The manufacturers of inboard engines are now international – so it won’t matter what make you have. They are often based on another makers industrial engine anyway – so it might be useful to know the base engine make as well. Power depends on what you want to achieve. 3 knots entering harbour then 8 to 10 hp. If you want to cruise all day at 5.5 knots through a flat calm then 15 to 18hp might be more suitable. Remember when motoring into a head wind most of the power is taken moving through the wind – so a more powerful engine will get you into shelter when you really want to find shelter NOW. Most modern engines require some form of thrust block cordon shaft arrangement when fitted into an Atalanta. Modern engines are higher than old ones so need to be installed below the original shaft line.

230v shore power with distribution MCB board.

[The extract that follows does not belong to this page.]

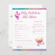Vous cherchez la meilleure façon d'ajouter une touche de papillons à votre baby shower? Regardez notre carte de prédictions et de conseils pour les bébés papillons mignons! Ces cartes-conseils baby showers ont un bel effet de parties scintillant numérique coloré, des fleurs et des papillons parfaits pour un baby shower de printemps! Si vous cherchez quelque chose de spécial pour divertir les invités, notre carte de prédiction pour bébé est une idée drôle, être un bon gardien. Le texte est modifiable.

Yes Calista has shore power fitted. Do we use it – rarely. We rarely use marinas or places where shore power is available. It is useful when laid up though – I leave the batteries on trickle charge all winter via the shore power connection in our boat shed. I suppose you might use your Atalanta in a different way to us – and it might well be of use. If you spend a week or so in one harbour – and you can get shore power then it could keep the fridge cool, the batteries charged and all the gadgets topped up. In the summer you aught to be able to do that with solar power anyway!